Credit: University of Sussex

Physicists at the University of Sussex have found a way of using everyday technology found in kitchen microwaves and mobile telephones to bring quantum physics closer to helping solve enormous scientific problems that the most powerful of today's supercomputers cannot even begin to embark upon.

A team led by Professor Winfried Hensinger has frozen single charged atoms to within a millionth of a degree of absolute zero (minus 273.15°C) with the help of microwave radiation. This technique will simplify the construction of 'quantum technology devices' including powerful quantum sensors, ultra-fast quantum computers, and ultra-stable quantum clocks. Quantum technologies make use of highly strange and counterintuitive phenomena predicted by the theory of quantum physics.
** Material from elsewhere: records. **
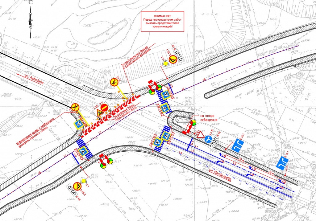 Движение автобусных маршрутов №№ 26а, 65а, 87 на этот период будет направлено с улицы Менделеева по улице Новосибирской (с движением под путепроводом и разворотом автобусов на улице Новосибирской на пересечении с улицей Путилина), улице Лебедева, далее по маршрутам.
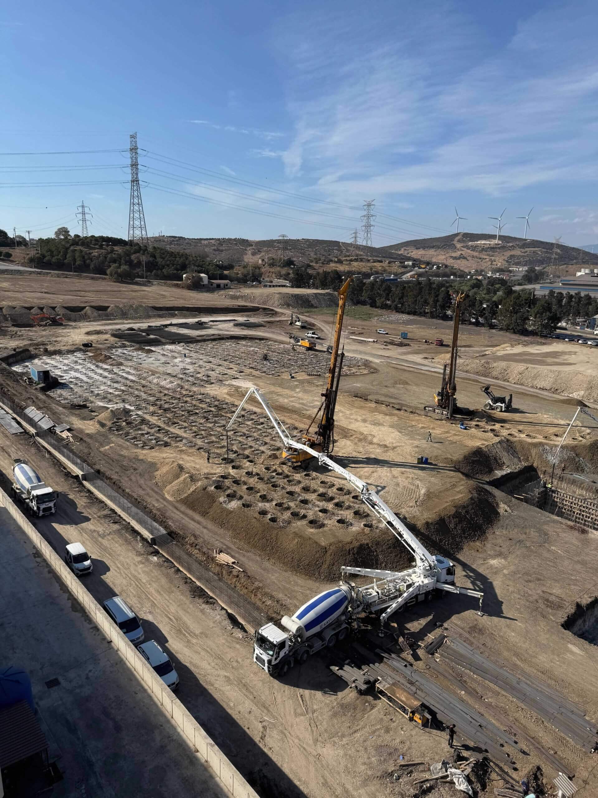 İzmir Aliağa bölgesindeki Fabrika projesi kapsamında, yapı yüklerini güvenli bir şekilde taşıyabilecek bir temel sistemi oluşturmak amacıyla kazıklı temel uygulaması gerçekleştirildi. Fore kazık tekniği ile zemin kapasitesi artırılarak yapı stabilitesi sağlandı. Proje, modern temel mühendisliği teknikleriyle tamamlanmıştır.
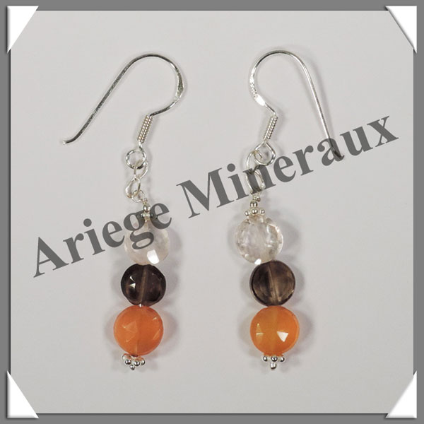 CRISTAL de ROCHE + CORNALINE - Boucles d'Oreilles Argent - Fantaisie - Hameçon - 35x8 mm - W001
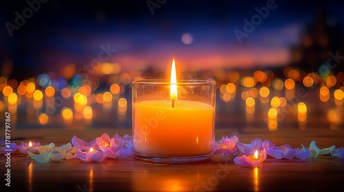 Candle glowing softly in a glass holder surrounded by colorful flower petals, creating a warm ambiance with blurred lights in the background, perfect for relaxation and celebration

The report "Ground-state cooling of a trapped ion using long-wavelength radiation" was published in Physical Review Letters this week: Here

"The use of long-wavelength radiation instead of laser technology to cool ions can tremendously simplify the construction of practical quantum technology devices enabling us to build real devices much faster," said Professor Hensinger.

Once quantum technology is harnessed into practical devices it has the potential to completely change everyday life again - just as computers have already done. Quantum technologies may one day revolutionise our understanding of science answering open questions of biology and solving the origin of the universe and other puzzles as well as allowing for a revolution in sensing, time keeping and communications.

"By taking advantage of simple well developed technology we have be able to create a remarkably robust and simple method, which is expected to provide a stepping stone for this technology to be integrated into a breadth of different quantum technologies spanning from quantum computers to highly sensitive quantum sensors," said Professor Hensinger.

Freezing atoms puts them into the lowest possible energy and is a step towards harnessing the strange effects of quantum physics, which allow objects to exist in different states at the same time. "Besides finding an easy way to create atoms with zero-point energy, we have also managed to put the atom into a highly counter intuitive state: where it is both moving and not moving at the same time," said Professor Hensinger.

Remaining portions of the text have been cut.